# Purpose of Kengata tip?



## Ethan (Sep 23, 2022)

Don't get me wrong they look awesome and I'm sure polishing one is very fun. Is there any practical reason for them?


----------



## Qapla' (Sep 23, 2022)

Depends on the definition of kengata. I've seen the word used to refer to both kiritsuke-style and tsurugi-style designs.


----------



## Ethan (Sep 23, 2022)

I'm referring to tips like these. 

Pictures are from @ryota_togishi on instagram


----------



## ModRQC (Sep 26, 2022)

Reason you're not getting much answers is probably that "most of the time", Kengata is used by some makers or vendors as to design a K-tip or Kiritsuke shape on a double bevel knife. Most of us could roll out a lot of stuff about why they like or don't like that tip and what its theoretical advantage is. So something like that:






@Qapla' aptly pointed to the fact that it also sometimes is used to describe Tsurugi-style design. These are more "Katana"-shaped tips, and I'd guess always single bevel. This is what you've posted as pics. Except that it is derived from traditional Japanese sword design (I prefer to keep vague as I really don't know much), I cannot tell you anything pertinent, and possibly most folks couldn't as well.


----------



## Qapla' (Sep 29, 2022)

Ethan said:


> I'm referring to tips like these.
> 
> Pictures are from @ryota_togishi on instagram View attachment 199971
> View attachment 199972



I'm not the best person to answer this question (there are several people on the forum here who have actual professional experience and could give a much better answer), but it seems not too many people are posting on this thread, so I'll give it my best shot:

The sakimaru design, which you posted the pictures of, is essentially a compromise design between a takohiki (which is dead straight and has its point squared off) and a yanagiba (which has curvature and a point). Active users of takohiki's often make use of the vertex (since it doesn't have a point per se); the sakimaru design allows some ability to have a true point while also retaining the usability of that extra vertex. Many users, to my understanding, often might not use the cutting edge area of the point very frequently unless one is doing horizontal cuts; this is simply an artifact of the geometry. Some say it's also mainly an esthetic choice since it looks more sword-like. They tend to be between yanagiba's and takohiki's in weight and thickness. Forum consensus among users of the single-bevel designs maintains that the yanagiba is very much the superior all-purpose fish-slicer. 
The sakimaru designs also exist in double-bevel knives (example here).

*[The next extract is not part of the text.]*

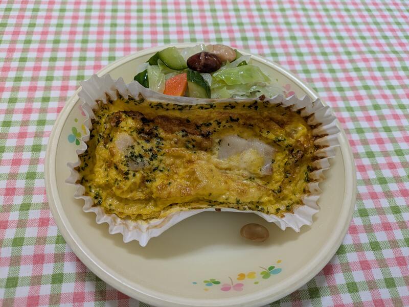 スパニッシュオムレツは、スペインの伝統的な卵料理のことで、横島小のスパニッシュオムレツは、一つ一つ手作りで、じゃがいもとたまねぎを、チーズを混ぜた卵に入れてスチームコンベクションで焼き上げてありました。チーズと塩加減がとても合っていて子どもたちも喜んで食べていました。

The tsurugi design (examples here and here) is also quite sword-like. I know very little of the specifics of its use. Like sakimaru-takohiki's, they tend to be lighter than most yanagiba's. 
Where tsurugi designs exist in double-bevel form (example here), people likely just say "saber-point carving-knife" and call it a day.

@ModRQC already went over the kiritsuke design; single-bevel example here.

As for why vendors sometimes call all of them "kengata" (sword-shaped) or "kensaki" (sword-point), I have no idea; only the sakimaru and tsurugi designs, and not the kiritsuke design, resemble Japanese-style swords.

Hope this helps.


----------